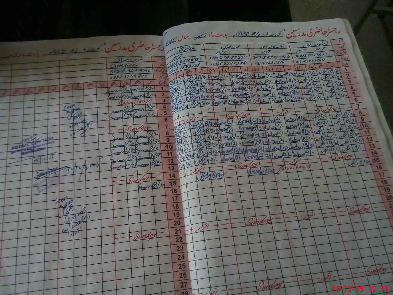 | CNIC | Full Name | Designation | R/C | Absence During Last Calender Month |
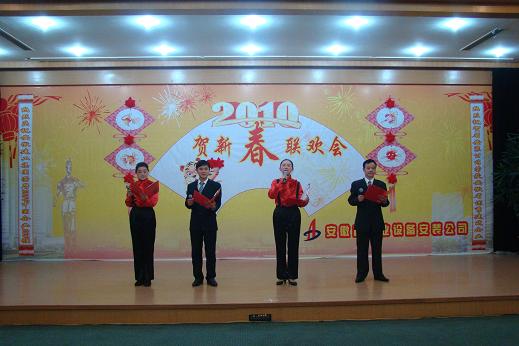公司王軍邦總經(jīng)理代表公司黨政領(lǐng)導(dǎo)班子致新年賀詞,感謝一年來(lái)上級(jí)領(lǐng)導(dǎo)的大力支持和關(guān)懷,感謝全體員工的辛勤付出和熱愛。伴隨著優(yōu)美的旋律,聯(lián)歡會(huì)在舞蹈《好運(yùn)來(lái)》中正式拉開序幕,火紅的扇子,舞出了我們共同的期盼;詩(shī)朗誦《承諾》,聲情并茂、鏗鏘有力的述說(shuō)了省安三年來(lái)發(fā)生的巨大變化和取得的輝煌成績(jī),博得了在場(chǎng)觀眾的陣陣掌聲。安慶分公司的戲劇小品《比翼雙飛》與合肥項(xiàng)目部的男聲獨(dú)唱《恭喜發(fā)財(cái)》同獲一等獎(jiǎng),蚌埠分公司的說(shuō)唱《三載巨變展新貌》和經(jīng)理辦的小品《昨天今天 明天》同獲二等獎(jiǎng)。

+++

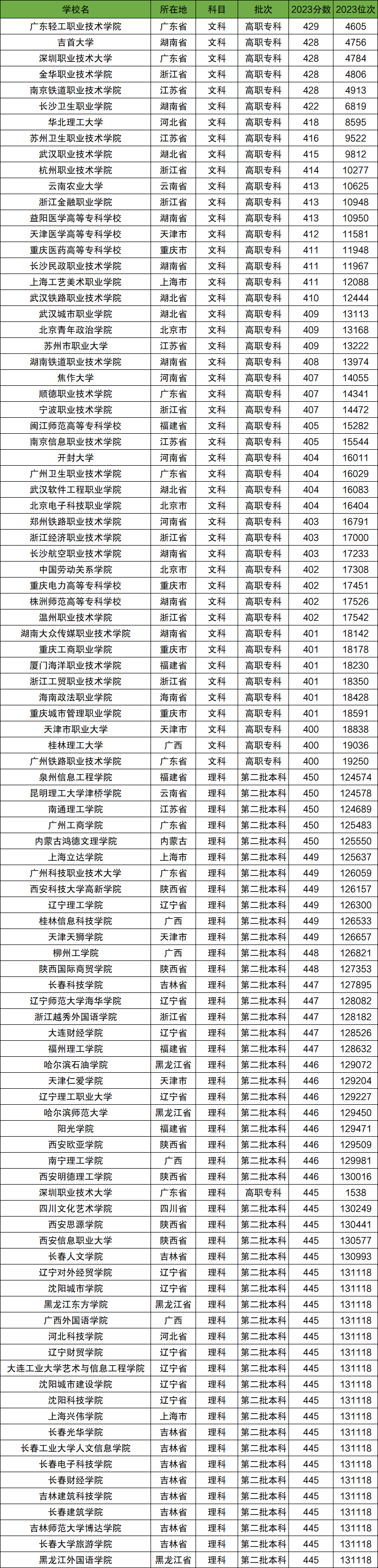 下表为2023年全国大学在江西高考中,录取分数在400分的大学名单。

+++

Please transcribe exactly the part of the records that opens with the line containing "Calender Month |" and closes with the line containing "公司王軍邦總經(jīng)理", both ends included, and leave out the pictures.

 | CNIC | Full Name | Designation | R/C | Absence During Last Calender Month |
公司王軍邦總經(jīng)理代表公司黨政領(lǐng)導(dǎo)班子致新年賀詞,感謝一年來(lái)上級(jí)領(lǐng)導(dǎo)的大力支持和關(guān)懷,感謝全體員工的辛勤付出和熱愛。伴隨著優(yōu)美的旋律,聯(lián)歡會(huì)在舞蹈《好運(yùn)來(lái)》中正式拉開序幕,火紅的扇子,舞出了我們共同的期盼;詩(shī)朗誦《承諾》,聲情并茂、鏗鏘有力的述說(shuō)了省安三年來(lái)發(fā)生的巨大變化和取得的輝煌成績(jī),博得了在場(chǎng)觀眾的陣陣掌聲。安慶分公司的戲劇小品《比翼雙飛》與合肥項(xiàng)目部的男聲獨(dú)唱《恭喜發(fā)財(cái)》同獲一等獎(jiǎng),蚌埠分公司的說(shuō)唱《三載巨變展新貌》和經(jīng)理辦的小品《昨天今天 明天》同獲二等獎(jiǎng)。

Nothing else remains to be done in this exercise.